=== TASK ITEM ===
The material below includes pictures; leave them out and return only the lines between the line containing "die Preise als" and the line containing "Настенный постер с", inclusive, word for word.

=== INFORMATION SUPPLIED ===
——————————
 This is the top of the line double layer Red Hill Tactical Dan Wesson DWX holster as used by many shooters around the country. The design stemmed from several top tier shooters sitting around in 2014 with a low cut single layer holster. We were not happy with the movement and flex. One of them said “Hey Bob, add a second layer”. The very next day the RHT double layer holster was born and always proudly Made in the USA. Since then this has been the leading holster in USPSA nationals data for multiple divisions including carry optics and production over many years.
——————————
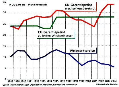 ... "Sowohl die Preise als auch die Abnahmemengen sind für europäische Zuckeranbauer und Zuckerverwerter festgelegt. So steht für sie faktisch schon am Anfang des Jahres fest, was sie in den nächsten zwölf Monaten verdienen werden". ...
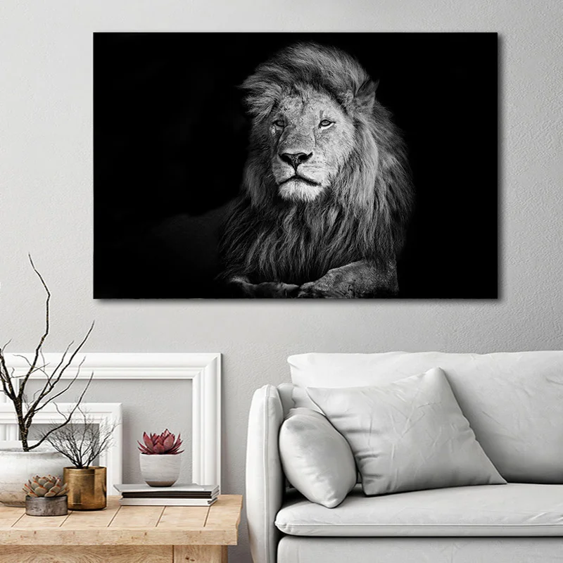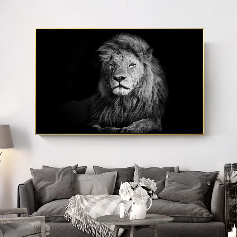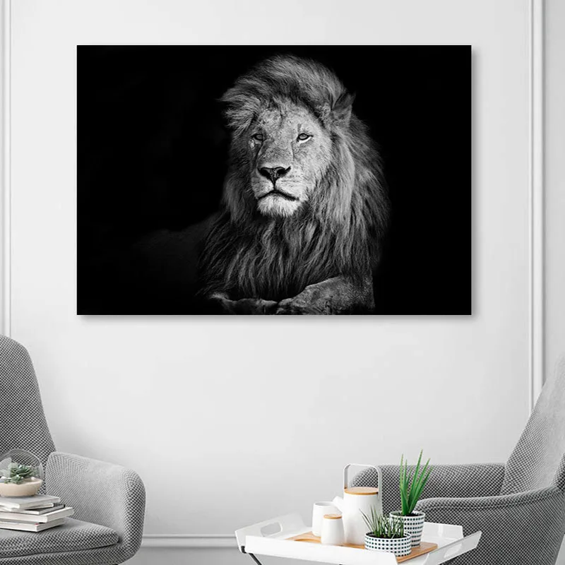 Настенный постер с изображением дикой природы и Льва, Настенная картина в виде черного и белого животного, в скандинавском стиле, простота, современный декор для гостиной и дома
——————————
=== EXERCISE ANSWER ===
 ... "Sowohl die Preise als auch die Abnahmemengen sind für europäische Zuckeranbauer und Zuckerverwerter festgelegt. So steht für sie faktisch schon am Anfang des Jahres fest, was sie in den nächsten zwölf Monaten verdienen werden". ...
 Настенный постер с изображением дикой природы и Льва, Настенная картина в виде черного и белого животного, в скандинавском стиле, простота, современный декор для гостиной и дома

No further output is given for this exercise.